The native shrugged. “I have done my best! It is a question of the people. In some way, I know not how, word has been spread abroad that the capital is to be changed. Our people are furious. Our natives, sir, have sentiment about this——”

“Sentiment, hell!” snarled Mackintavers, as his fist crashed down. “I tell ye, it’s goin’ to be done! Ain’t there plenty in it for all, ye fool? Ain’t new state buildings got to be built at Albuquerque? Ain’t——”

“Señor, it is no question of money; it cannot be done! I myself dare not propose this bill without voting for it; and I cannot vote for it.”

“Why not?” The face of Mackintavers was purpled, seething with furious passions. Livid, the native glared back at him.

“Because I am afraid for my life.”

Mackintavers leaped to his feet in a whirlwind of rage at what he considered a palpable lie. The native shrank back, but doggedly, as though a greater fear were beside him than any fear of this political master of his.
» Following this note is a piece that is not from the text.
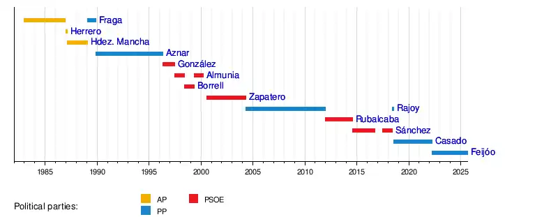 Pedro Sánchez nominally re-assumed the title once he was reelected as PSOE leader in June 2017, although he did not have a seat in parliament as a result of him resigning in protest to his party tolerating Rajoy's second government in October 2016.[41] The position was left vacant after Mariano Rajoy was ousted as prime minister in a motion of no confidence on 2 June 2018—with Rajoy himself rejecting to assume the title again—, until the election of Pablo Casado as new PP leader.[42] From 23 February 2022, the position was again left vacant following an internal PP rebellion, led by Galician and Madrilenian presidents Alberto Núñez Feijóo and Isabel Díaz Ayuso, that resulted in the downfall of Casado as party leader following his abandonment by most of his party's colleagues and other leading members.[43][44]

At this instant the door opened and Abel Dorales appeared. He made a slight gesture, a gesture of command, of authority. The empurpled countenance of Mackintavers composed itself by a mighty effort.

“Very well, Mr. Cota,” he said, thickly. “Let the bill pass over for this time, since I got more important business on hand than chasing down you native senators. But let me tell you this: When it comes up again, there’ll be no more talk like you’ve just handed out—or I’ll know the reason why. Get out!”

Cota took his hat and left, thankfully. Dorales closed the door, while a flood of oaths burst from the lips of Mackintavers. With extended hand, Dorales checked the flood.

“Never mind that, Sandy,” he said, calmly. “We’ll probably find later that the railroad is double-crossing us. There’s no rush—we can get to the bottom of it in time. The more important affair is this of the Crump woman, so far as money goes. There’s a bigger fortune in this mine than in any political game!”

Uncouth bear that he was, Mackintavers could be swayed by this more polished tongue; he knew this tongue was devoted absolutely to his own interests, and he forced himself to accept the dictum of Dorales at the moment.

“Well?” he growled. “Ye don’t mean to say she’s down at Zacaton?”

“The wire was from your store manager there, Aimes. He said merely that he had smashed the Crump outfit flat, and that I had better get there in a hurry to take charge of things.”

“Aiblins, yes!” The thin lips of Sandy curled back. “We hadn’t looked for such quick action, Abel. That Aimes is a good man! I s’pose this news don’t grieve ye none, after what the lady done to you. How’s your head?”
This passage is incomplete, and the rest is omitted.